Ondřej Mastný

Personal information
- Date of birth: 8 March 2002 (age 24)
- Place of birth: Czech Republic
- Height: 1.88 m (6 ft 2 in)
- Position: Goalkeeper

Team information
- Current team: Příbram
- Number: 26

Youth career
- 0000–2018: Jihlava
- 2018–: Manchester United

Senior career*
- Years: Team / Apps / (Gls)
- 2020–2023: Manchester United / 0 / (0)
- 2023: → Portadown (loan) / 8 / (0)
- 2023–: Vysočina Jihlava / 11 / (0)
- 2024: → Příbram (loan) / 13 / (0)
- 2025–: Příbram / 9 / (0)

= Ondřej Mastný =

Czech footballer (born 2002)

Ondřej Mastný (born 8 March 2002) is a Czech footballer who plays as a goalkeeper for Bohemian Football League club Příbram.

==Career==
In 2018, Mastný joined the youth academy of English Premier League side Manchester United.

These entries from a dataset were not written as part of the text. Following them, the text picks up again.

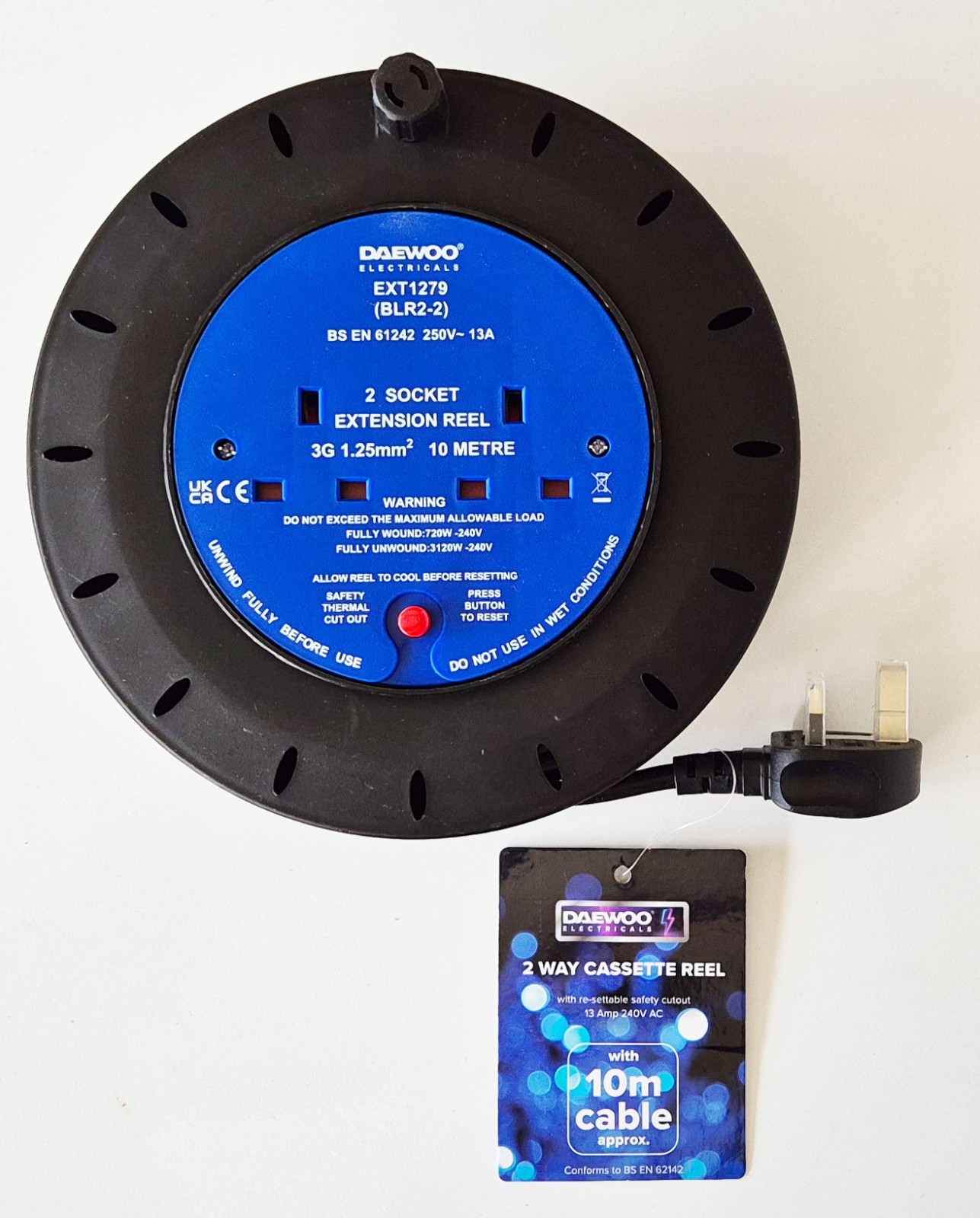 Daewoo 10 Meter Extension Lead Cable 2 Way Socket Electric Power Reel Cord New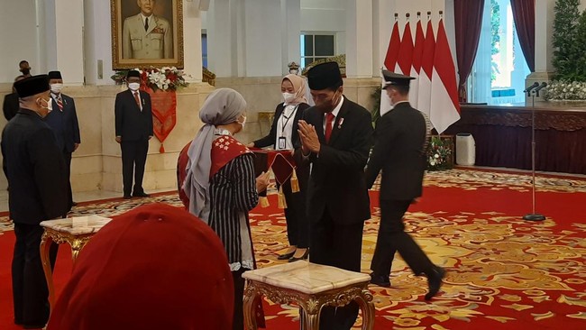 Presiden Joko Widodo (Jokowi) resmi menganugerahkan gelar pahlawan nasional ke lima tokoh yang dinilai berjasa bagi bangsa dan negara. Para ahli waris menerima secara simbolik anugerah gelar pahlawan nasional itu.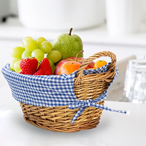 EGenuss 2 Cestini portapane in vimini naturale con maniglie laterali e fodera rimovibile in tessuto | Stile rustico colore BLU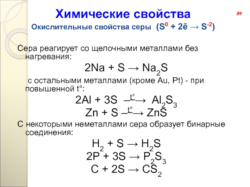 Бериллий и магний реагируют с кислородом и серой при нагревании, остальные металлы - при обычных условиях.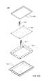 Hollow spacers213 may be placed belowdimples206 intop metal shell204, and rivets214 provided, extending through openings indimples206, throughhollow spacers213 and through openings in printedcircuit board210 tobase metal shell202 in order to fixedly secureelectronic assembly208 within the enclosure formed by base andtop metal shells202,204. A security mesh or tamper-respondent sensor216 is wrapped around the top, base, and four sides of the enclosure formed by base andtop metal shells202,204. As illustrated, in one or more embodiments,top metal shell204 may have an opening through which abus220 extends. One end ofbus220 may be connected to conductors (not shown) on printedcircuit board210, and the other end may be connected to conductors (not shown) on a printedcircuit board222. Asbus220 passes through the opening, the bus extends between aninner edge region223 of thesecurity mesh216 and an overlapping,outer edge region224 of thesecurity mesh216. A group ofwires226 connect, in one embodiment,security mesh216 to conductors on printedcircuit board210. Circuitry on printedcircuit board210 is responsive to a break or discontinuity insecurity sensor array216, in which case, an alarm signal may be emitted onbus220, and also encryption/decryption keys stored withinelectronic assembly208 may be erased.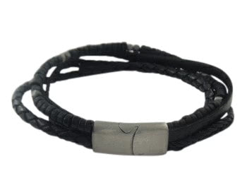 Men's multi elements beaded and black leather bracelet with simple matt finished silver magnetic clasp.
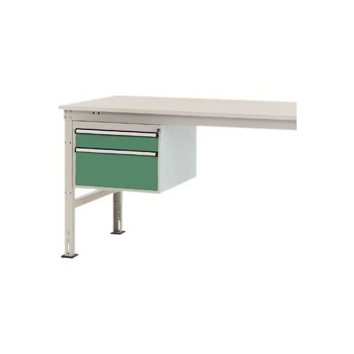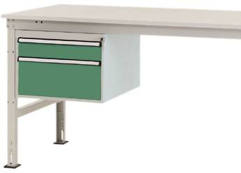 Komplett UNIVERSAL háztartás a munkaeszközök intelligens és tiszta szervezéséhez és tárolásához közvetlenül a munkahelyen, 500 mm szélességgel, 580 mm mélységgel és 360 mm magassággal. A ház szilárdan megerősített acéllemezből készül, kiváló minőségű, porréteggel bevont, zöld színű RAL 6011 anyaggal. A ház minden UNIVERSAL munkaasztalhoz berakható 200 kg-ig (Ergo = 100 kg). A ház hengerzárral és 2 kulcskal, valamint központi zárral van felszerelve. A ház 1200 mm-es asztalmélységű mobil UNIVERSAL munkaasztalokon használható. A ház használható magassága 300 mm, és 2 fiókból áll, 1 x 100 és 1 x 200 mm magassággal. A ház fiókos zárral rendelkezik, amely megakadályozza, hogy a fiók vezetés közben véletlenül kifogyjon. A fiókok 80% -ig kihúzhatók és 35 kg-ig is elférnek. A fiókok nagy fogantyúval és kiegészítő fiókkal vannak ellátva a fiókok címkézéséhez. A ház egyetlen kihúzható zárral van felszerelve. Ez megakadályozza több fiók akaratlan és egyidejű kinyílását, és így csökkenti az összetörés és a sérülés kockázatát. UNIVERSAL Ergo munkaasztalok csak 1500 mm szélességű asztaloktól használhatók.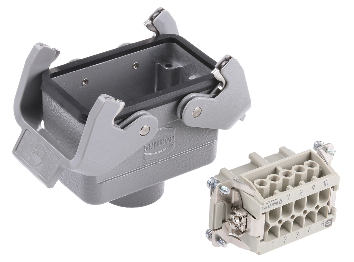 This is Han E Series 10 Way Female 16A Connector Kit includes Hood Insert manufactured by Harting. The manufacturer part number is 09330102701+19300101730. The product has a current rating of 16.0a. Moreover, the product has a nominal 500.0 v voltage rating. In addition, female is the available "Gender" of the product. Whereas, the 10 b is the manufacture's size code. It has a typical thread size of m20. The product han e, is a highly preferred choice for users. The product contains 10 contacts. It comes in connector set configuration.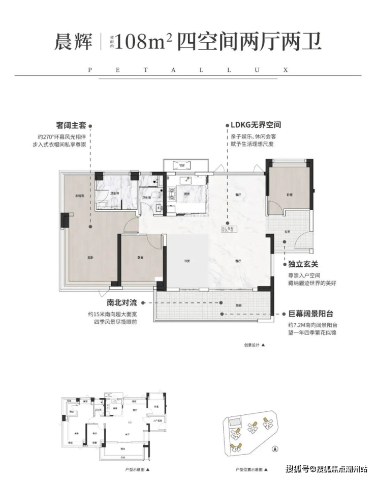 108m²户型尺度更大,做到南北对流同时,拥有7.2米长的大景观阳台,大面积主卧可放1.8米大床,并带更大的独立衣帽间,整体灵活性更强。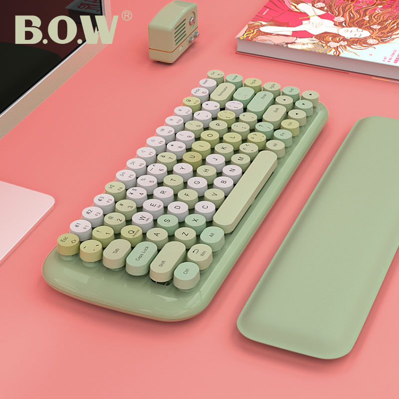BOW Seamouth Red Dots Blue Dot Bluetooth Keyboard Slide Mouse Sets Apply Apple Computer Ipad Tablet Notebook Takeaway Mechanical Hand Wireless Macaroon Color Cute Girl Portable Mini Small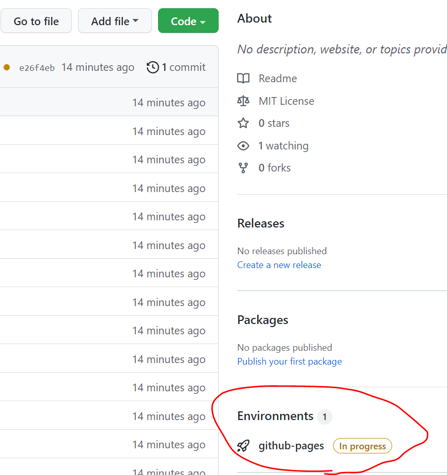 다시 Repository 메인 화면에 들어오면, Enviroments에 github-pages에 웹호스팅 진행상태가 나옵니다.

Mastný started in the 2020–21 EFL Trophy match against Rochdale on 29 September 2020. He kept a clean sheet and won the match on penalties.

On 30 January 2023, he was loaned out to Northern Irish club Portadown until June 2023.

On 15 August 2023, Mastný returned to Vysočina Jihlava, year before end of his contract with Manchester United. He signed a multi-year contract.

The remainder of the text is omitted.